The course also offers students an alternative to common approaches to problem-solving premised on seeking immediate solutions. Instead, it emphasizes the development of students’ intellectual, affective, and relational capacities for navigating multiple perspectives and VUCA (volatility, unpredictability, complexity and ambiguity) in an interrelated and unequal world. The course seeks to prepare students to address real-world problems in socially and ecologically accountable ways, without sacrificing nuance or minimizing complicity. This course focuses on expanding our collective capacity to hold space for difficult conversations about wicked challenges without feeling immobilized or demanding immediate quick fixes.

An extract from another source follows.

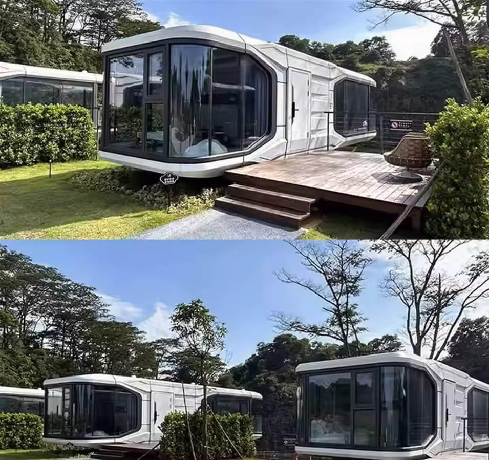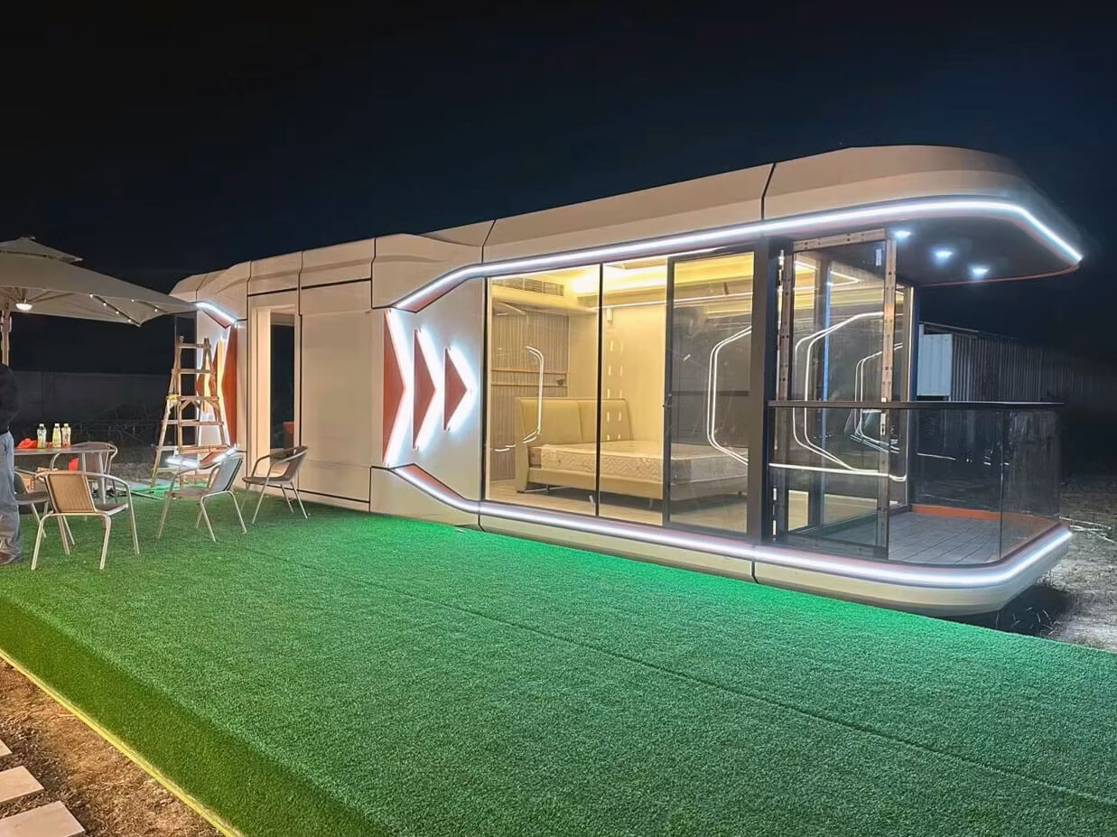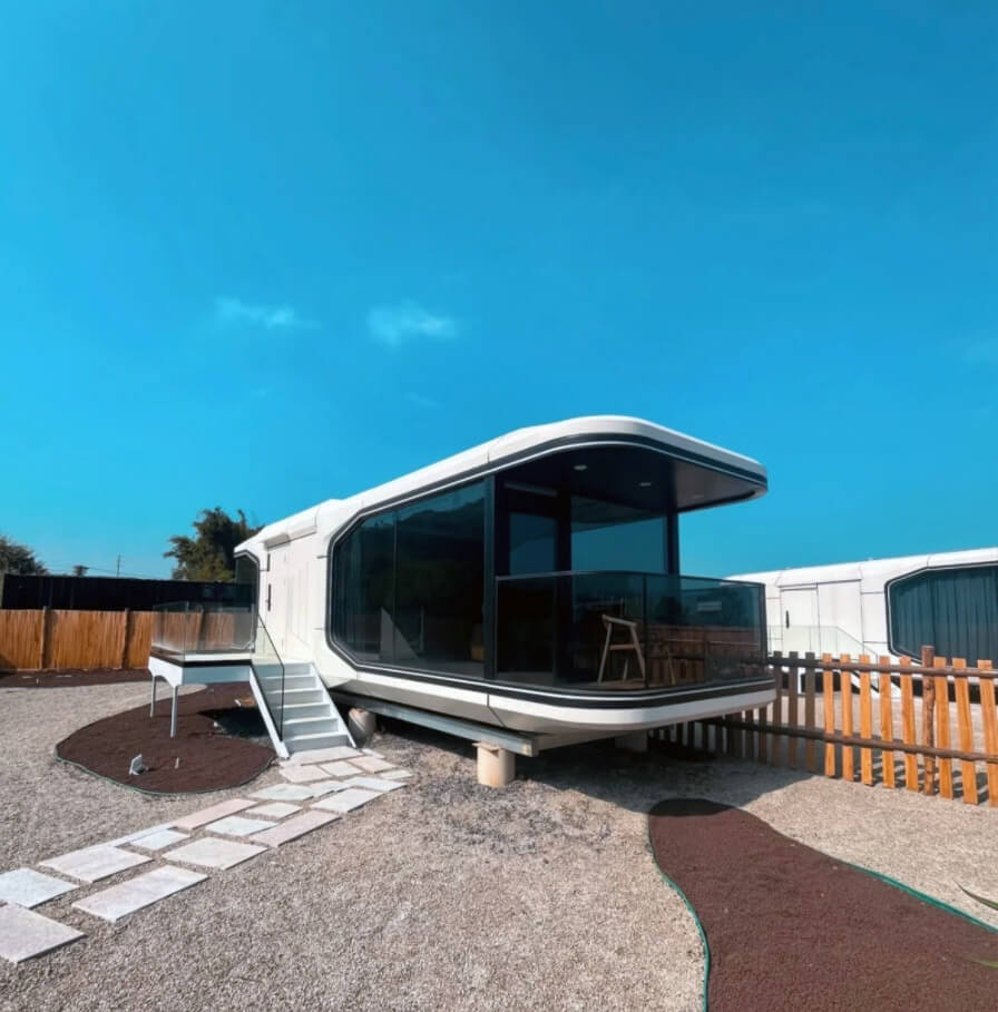 Nowoczesny, modułowy i przenośny domek-kapsuła.

The course content touches upon systemic, historical and ongoing violence, unsustainability, our complicities in social and ecological harm, and our tendency to address complex problems, such as biodiversity loss, food insecurity, economic and political crises, and the potential for social and environmental collapse, with simplistic solutions. The course requires students to be willing to be uncomfortable and to have their perspective challenged, even if they think of themselves as already “woke”. We advise participants who feel that in-depth analysis and discussion of these topics will likely be emotionally overwhelming  at the moment, or that they may negatively impact their mental health, not to take this course. The introductory unit was designed to help participants to make the decision of whether or not this course is for them.

This course was designed collaboratively and cross-listed  between Land and Food Systems (LFS490) and Educational Studies (EDST400 and EDST565B).  Since this is a 6-week summer intensive course, participants are expected to dedicate from 7 to 8 hours a week to their learning. All course materials are available online (recorded lectures, videos, documentaries, readings and quizzes, analytical and land-based exercises) and group tutorials take place once a week online (synchronously on zoom). The course is also available online for self-study and informal groups.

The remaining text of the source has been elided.